Stay up to date with notifications from The Independent

Notifications can be managed in browser preferences.

Rare butterfly habitat faces threat from opencast mine: British Coal's relationship with a Welsh wildlife group is causing concern. Peter Dunn reports

Peter Dunn
Sunday 20 June 1993 23:02 BST
Comments

ENGLISH NATURE struck a deal with British Coal's opencast operators BCO last week, designed to 'conserve, create and improve the natural habitat in coalfield areas'. The deal has been received with mixed feelings by conservationists in Glamorgan, South Wales.

The scheme aims, through joint initiatives between the Government's adviser on nature conservation and British Coal Opencast, to rehabilitate land no longer used for mining. It was said to be 'the first of its kind with a major industry'.

But in a damp valley near Cefn Cribwr, Bridgend, BCO's ambition to tear out 124 acres (50 hectares) of ancient woodland, orchid meadow and the habitat of the rare marsh fritillary butterfly has been dogged by controversy since a public inquiry into the scheme two summers ago.

The inquiry inspector's report is now with John Redwood, the Secretary of State for Wales, whose final decision for or against the development is said to be 'imminent'.

The marsh fritillary is one of the most rapidly declining butterflies in Europe. Its presence near Cefn Cribwr, breeding on its vulnerable food source, devil's bit scabious, qualifies the site as one of regional importance. Massive earth moving, with its juggling of water tables and geological strata, makes it unlikely that the butterfly's habitat would ever return to its original condition.

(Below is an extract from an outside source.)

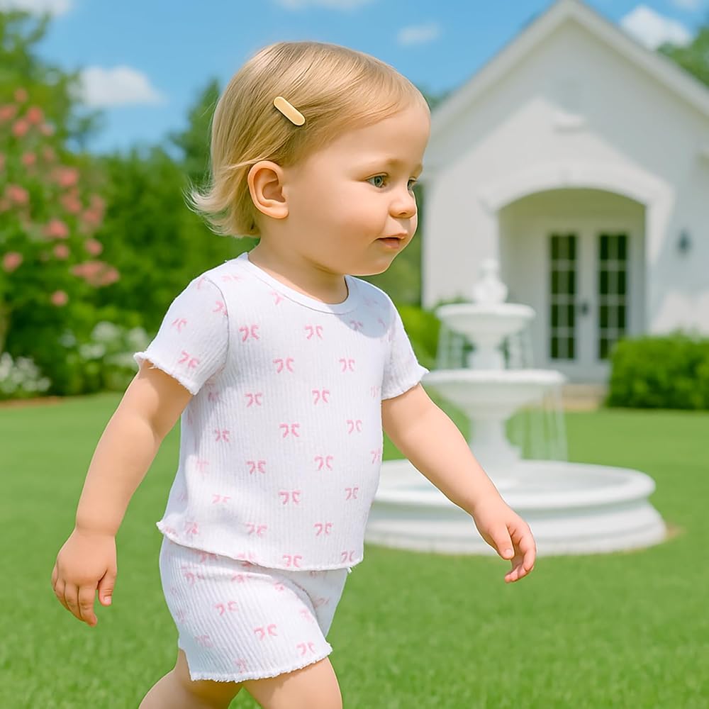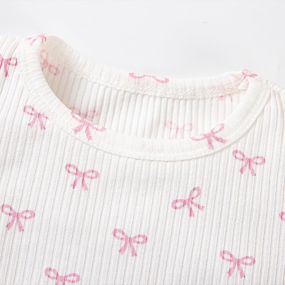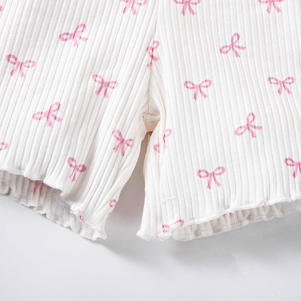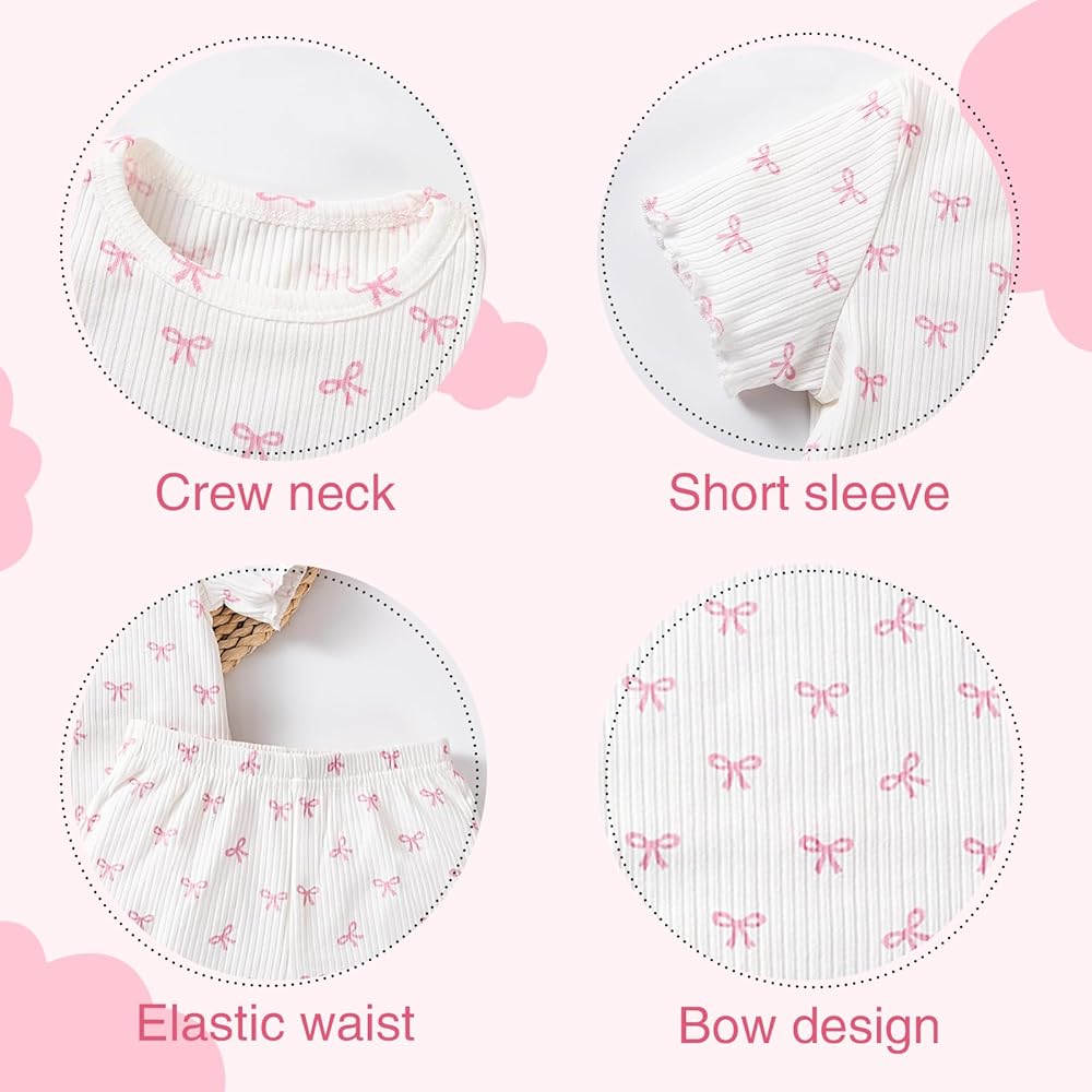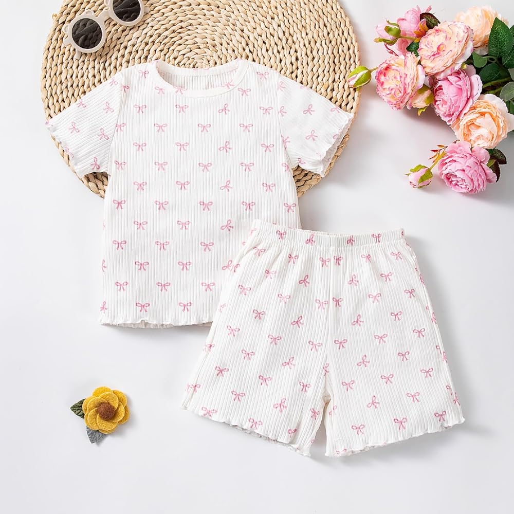 Cute Design: Toddler girl two piece outfits, including a lettuce trim crew neck short sleeve t-shirt and a lettuce trim elastic waist shorts, both with all over bow pattern for a chic and cute look.

Central to the problem has been the close relationship between BCO and the Glamorgan Wildlife Trust. Since 1990 they have jointly managed the 250-acre Park Slip nature park, land reclaimed and restored from old BCO workings and adjacent to the proposed site.

The trust has benefited from BCO's financial sponsorship over the years, including the gift, in 1980, of a headquarters building on the park site (refurbished at the company's expense), the salary for a reserves officer and a Land Rover, decked out in BCO's green and white livery.

This relationship between miner and ecologist worries conservationists.

The director of Butterfly Conservation, Andrew Phillips, talks of 'difficulty getting the support of the Glamorgan trust' to defend the proposed site. The trust's decision not to give evidence at the public inquiry in 1991 could be a crucial factor in the fate of the marsh fritillary breeding ground.

As early as 1989 the Glamorgan trust proved a useful ally in BCO's plans to renew opencast mining in the area. In the run-up to the public inquiry its officers provided BCO contractors with helpful evidence.

The trust's work included a survey of bird species on the proposed site, carried out by its reservations officer, Alex Coxhead, whose salary was paid through a BCO grant. BCO's environment consultants paid the trust a fee (said to be pounds 600) for the survey.

Its purpose was to act as a checklist against a similar survey being carried out by Steve Moon, the ecology officer for Mid Glamorgan County Council, which opposed the planning application at the inquiry.

The trust's conservation officer, Nigel Ajax Lewis, also provided BCO with a list of 133 animals, insects and birds to be found in Park Slip - evidence showing a profusion of wildlife restored to a landscape blitzed by mining over 20 years.

Objectors at the inquiry, including Neil Jones, the South Wales organiser of Butterfly Conservation, claimed later that the list had been 'enhanced' with species, including the small red damselfly, that were alien to the park's terrain.

Objectors were also mystified that Mr Ajax Lewis's list was produced at the inquiry without a letterhead to identify its origin. In the margin was a handwritten note which started: 'Peter, as requested . . . ' Mr Ajax Lewis agreed last week that the handwriting was his and that 'Peter' was Peter Weavers, BCO's operations director in South Wales.

More serious was BCO's acquisition from trust headquarters of a highly-sensitive list of marsh fritillary breeding sites, complete with grid references, drawn up by Neil Jones and given to the trust as an act of professional co-operation.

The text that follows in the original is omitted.